My daughter has finally awoken from her coma. I ran to her as fast as I could. When I arrived she was sitting up looking around med bay I had to smile seeing her awake was good enough to me to relax. I took a deep sigh of happiness which it caught her attention.

"Father, what happened, is this your ship?" She questioned.

I answered every question she had. She tried to move, I told her not too. She sighed then laid back down looking all sad I know she wants to move around and stuff but with her injuries I don't want her to move to reopen her wounds.

"You remind me of Optimus sometimes....even when it comes to situations like this....he didn't like it you hate it both of you being over protective father's ha! You two act so much alike in so many different ways, are you sure you two aren't blood brothers instead of brothers in arms?"

"We both have our ways of seeing thing's different but for you we share something in common....he too was a site."

"Was?" Deathstar questioned.

"Yes was, he lost her during the war before arriving on earth she was his everything like you smart, beautiful, very powerful in battle, she was everything a mech could ask for. He adopted her when Cybertron was peaceful her name was Galaxy prime, she took the name from Optimus so he wouldn't be alone even though she didn't have the power of the matrix.

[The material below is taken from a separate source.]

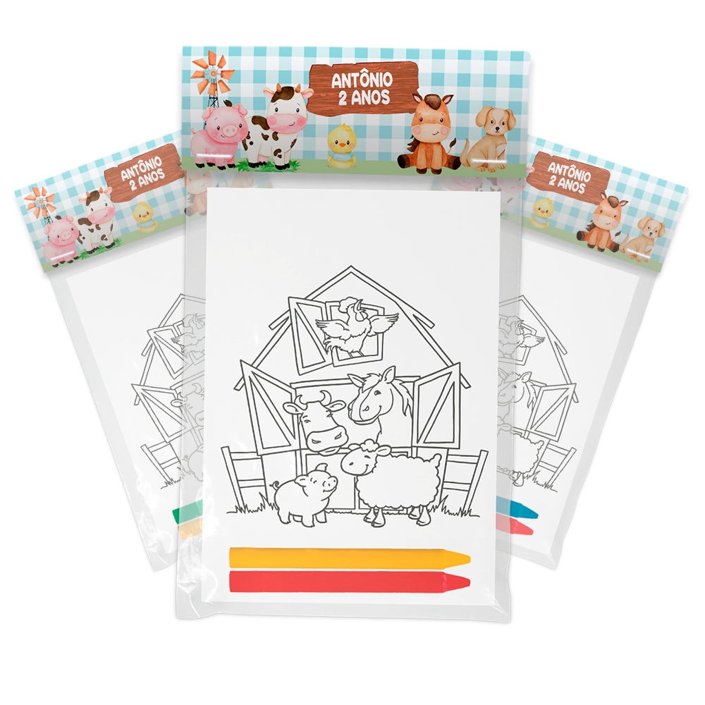 Kit Colorir Com Giz 15,20,25,30,40 Unidades Para Lembrancinhas Tema Fazendinha Menino Personalizado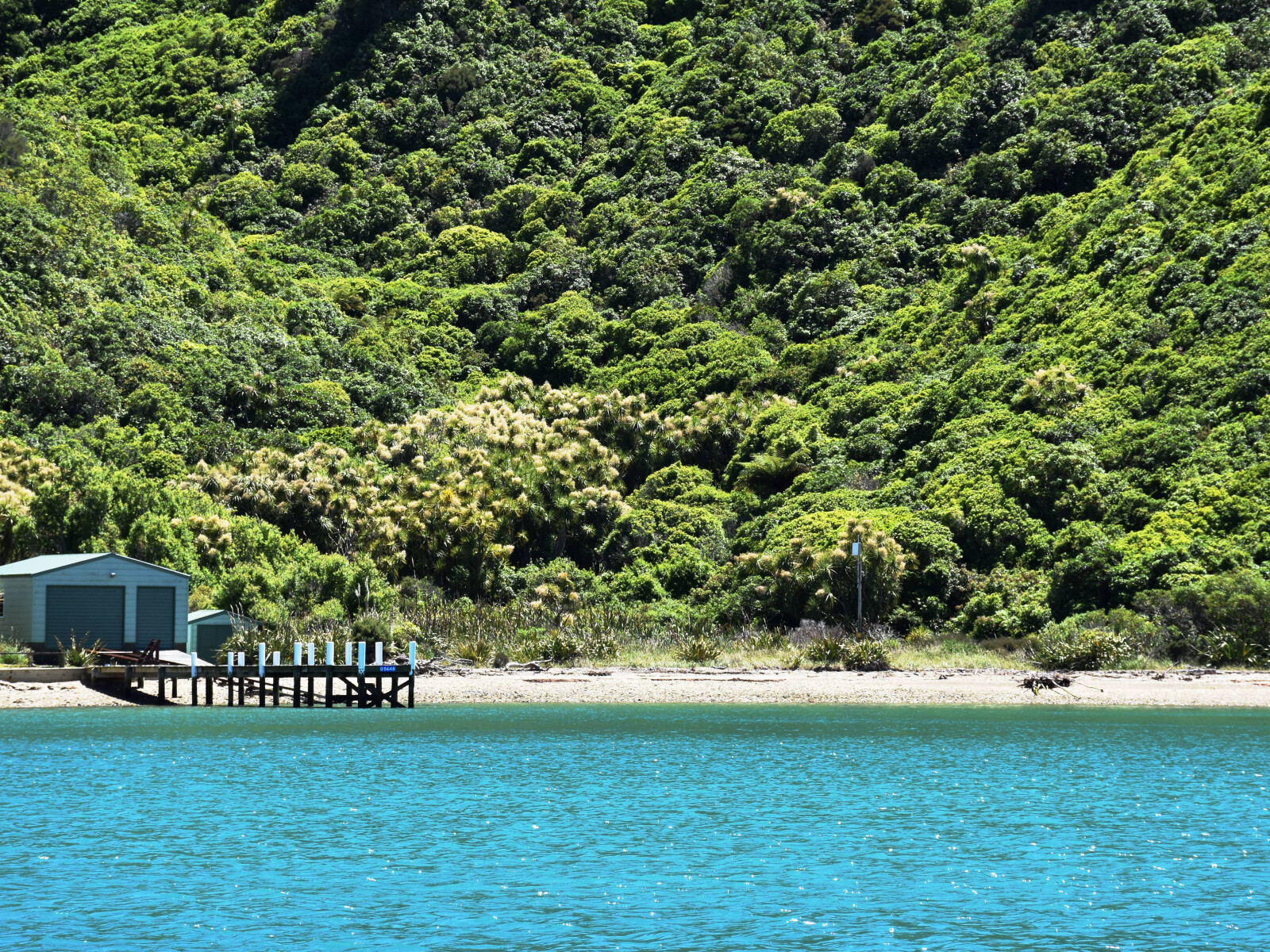 N sector winds tend to be funnelled across from Umuwheke Bay and blow out into the channel with some force. The eastern side of the head of the bay gives best shelter in SE to S winds.

Optimus adored her so much losing her was more painful than us fighting, she looked up to me alot like a uh....how would you say it in human terms?"

"Like her role model when Optimus wasn't there or a uncle."

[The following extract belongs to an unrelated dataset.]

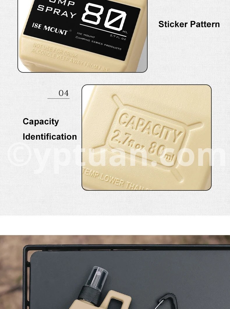 2. HDPE Polyethylene Material: Made from high-density polyethylene (HDPE), this bottle possesses excellent oil resistance, acid and alkali resistance, as well as corrosion resistance. It can safely store alcohol, disinfectant, mosquito repellent, toner, cooling mist, and other essential fluids for your on-the-go needs.
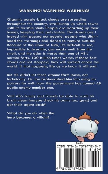 WARNING! WARNING! WARNING! Gigantic purple-black clouds are spreading throughout the country, swallowing up whole towns with its terrible stink. People are boarding up their homes, keeping their pets inside. The streets are littered with passed out people, people who didn't heed the warnings and dared to venture outside. Because of this cloud of funk, it's difficult to see, impossible to breathe, gas masks melt from the smell, and the odor is worse than one of AB's normal farts, 100 billion times worse. If these fart clouds are not stopped, they will spread across the world. If that happens, life as we know it will end. But AB didn't let these atomic farts loose, not technically. Dr. Ian brainwashed him into using his powers for evil. Now the government has named AB public enemy number one. Will AB's family and friends be able to wash his brain clean (maybe check his pants too, guys) and get their agent back? What do you do when the hero becomes a villain?

"Thank you like a uncle I too adored her, she became close to me as well, I wanted you two to meet you would've gotten along great with her."

"What happened?"

I looked away feeling the pain in my chest I never forgave myself for that day I didn't know, how could I?

"Father is everything okay?" Deathstar holding my hand.

I squeezed her's hand gently I looked at her with a sad expression on my face.

"What I done I never meant to do it I didn't know, there was a scouting ship it was alone we invaded the ship....we captured everyone I was going to execute the boys till she came around. I shot her right in the abdomen when I realized it was her it was too late she was already close to death. I hold her in my arms trying to stop the bleeding I didn't want to lose another family member I told her how sorry I was I couldn't hold back my tears. What she said next I don't see how she say it to me, she forgive me like nothing had happened. She was so great full for everything, she loved her life how could she forgive me for everything I done. She died in my arms I took her back to Optimus I tried to explain but he was enraged losing his daughter, he tried to kill me that moment your carrier stopped him from doing so. She walked me back to my ship then all of a sudden she told me she was having you a part of me believed Galaxy gave you life so that I could be happy."

"I'm so sorry father."

Deathstar pulled me into a hug I couldn't help myself but to cry. I felt so helpless that day after her death I wasn't the same everything became more difficult in the war till Deathstar was born. She released me from our hug, she wipes my tears away smiling in a sad expression.

"I think Galaxy is right for forgiving you I know I do and so does mother you can stop this war father."

"You know I can't I'm to close of winning." I said.

"Your not even close neither is the Autobots father." She said.

"Soon I will you rest now till tomorrow."

"You know I can't."

"Try."

"There's no way getting around it, is there?"

"Nope."

"*Sighs* fine only if you stay with me if that's ok."

I smiled at her holding her close to my chest. This reminded me what I used to do when she was a sparkling. I look down seen she fallen asleep I laid her down so she can rest when all of a sudden I felt my hand being tugged back she didn't want me to leave. I laid down with her holding her close to me then slowly started to drift off to sleep.